* DATA EXTRACTS

────

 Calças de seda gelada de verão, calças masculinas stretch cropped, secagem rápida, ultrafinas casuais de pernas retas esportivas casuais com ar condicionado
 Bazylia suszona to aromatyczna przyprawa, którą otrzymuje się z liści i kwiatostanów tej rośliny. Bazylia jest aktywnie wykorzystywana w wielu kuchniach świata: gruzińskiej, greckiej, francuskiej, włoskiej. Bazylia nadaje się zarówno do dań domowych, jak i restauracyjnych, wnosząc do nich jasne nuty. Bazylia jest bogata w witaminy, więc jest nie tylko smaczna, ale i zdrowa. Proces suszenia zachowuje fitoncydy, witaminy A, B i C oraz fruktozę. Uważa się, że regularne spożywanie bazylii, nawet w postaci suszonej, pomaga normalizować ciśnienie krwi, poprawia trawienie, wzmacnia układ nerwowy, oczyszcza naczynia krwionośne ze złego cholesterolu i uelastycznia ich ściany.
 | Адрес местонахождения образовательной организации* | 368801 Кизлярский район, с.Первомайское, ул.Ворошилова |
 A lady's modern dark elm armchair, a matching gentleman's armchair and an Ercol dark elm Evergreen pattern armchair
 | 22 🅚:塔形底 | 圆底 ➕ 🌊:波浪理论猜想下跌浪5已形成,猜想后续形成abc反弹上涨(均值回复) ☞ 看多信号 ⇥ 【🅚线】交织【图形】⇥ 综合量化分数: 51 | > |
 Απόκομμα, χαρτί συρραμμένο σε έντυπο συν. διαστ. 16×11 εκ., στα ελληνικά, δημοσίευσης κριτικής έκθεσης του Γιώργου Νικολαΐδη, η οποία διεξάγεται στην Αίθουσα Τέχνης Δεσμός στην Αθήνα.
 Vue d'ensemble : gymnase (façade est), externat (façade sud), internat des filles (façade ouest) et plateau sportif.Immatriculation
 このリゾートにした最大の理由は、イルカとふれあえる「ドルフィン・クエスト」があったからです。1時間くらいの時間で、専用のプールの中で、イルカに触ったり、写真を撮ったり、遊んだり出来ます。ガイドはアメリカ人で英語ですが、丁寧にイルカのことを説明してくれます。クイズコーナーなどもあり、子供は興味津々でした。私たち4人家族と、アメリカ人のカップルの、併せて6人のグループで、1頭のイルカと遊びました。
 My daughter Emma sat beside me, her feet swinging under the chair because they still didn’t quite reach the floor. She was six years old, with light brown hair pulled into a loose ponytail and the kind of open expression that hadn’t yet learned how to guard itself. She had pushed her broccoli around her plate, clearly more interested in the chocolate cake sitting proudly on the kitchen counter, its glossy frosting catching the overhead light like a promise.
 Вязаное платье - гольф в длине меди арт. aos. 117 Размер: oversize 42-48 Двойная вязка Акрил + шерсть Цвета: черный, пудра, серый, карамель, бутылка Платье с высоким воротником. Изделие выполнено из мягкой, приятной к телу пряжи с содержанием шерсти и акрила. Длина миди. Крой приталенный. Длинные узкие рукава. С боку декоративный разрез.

────

* PROBLEM STATEMENT
The answer must be an exact copy of the lines from the one containing "A lady's modern" through the last line of the records, both included.

* SOLUTION TO THIS PROBLEM
 A lady's modern dark elm armchair, a matching gentleman's armchair and an Ercol dark elm Evergreen pattern armchair
 | 22 🅚:塔形底 | 圆底 ➕ 🌊:波浪理论猜想下跌浪5已形成,猜想后续形成abc反弹上涨(均值回复) ☞ 看多信号 ⇥ 【🅚线】交织【图形】⇥ 综合量化分数: 51 | > |
 Απόκομμα, χαρτί συρραμμένο σε έντυπο συν. διαστ. 16×11 εκ., στα ελληνικά, δημοσίευσης κριτικής έκθεσης του Γιώργου Νικολαΐδη, η οποία διεξάγεται στην Αίθουσα Τέχνης Δεσμός στην Αθήνα.
 Vue d'ensemble : gymnase (façade est), externat (façade sud), internat des filles (façade ouest) et plateau sportif.Immatriculation
 このリゾートにした最大の理由は、イルカとふれあえる「ドルフィン・クエスト」があったからです。1時間くらいの時間で、専用のプールの中で、イルカに触ったり、写真を撮ったり、遊んだり出来ます。ガイドはアメリカ人で英語ですが、丁寧にイルカのことを説明してくれます。クイズコーナーなどもあり、子供は興味津々でした。私たち4人家族と、アメリカ人のカップルの、併せて6人のグループで、1頭のイルカと遊びました。
 My daughter Emma sat beside me, her feet swinging under the chair because they still didn’t quite reach the floor. She was six years old, with light brown hair pulled into a loose ponytail and the kind of open expression that hadn’t yet learned how to guard itself. She had pushed her broccoli around her plate, clearly more interested in the chocolate cake sitting proudly on the kitchen counter, its glossy frosting catching the overhead light like a promise.
 Вязаное платье - гольф в длине меди арт. aos. 117 Размер: oversize 42-48 Двойная вязка Акрил + шерсть Цвета: черный, пудра, серый, карамель, бутылка Платье с высоким воротником. Изделие выполнено из мягкой, приятной к телу пряжи с содержанием шерсти и акрила. Длина миди. Крой приталенный. Длинные узкие рукава. С боку декоративный разрез.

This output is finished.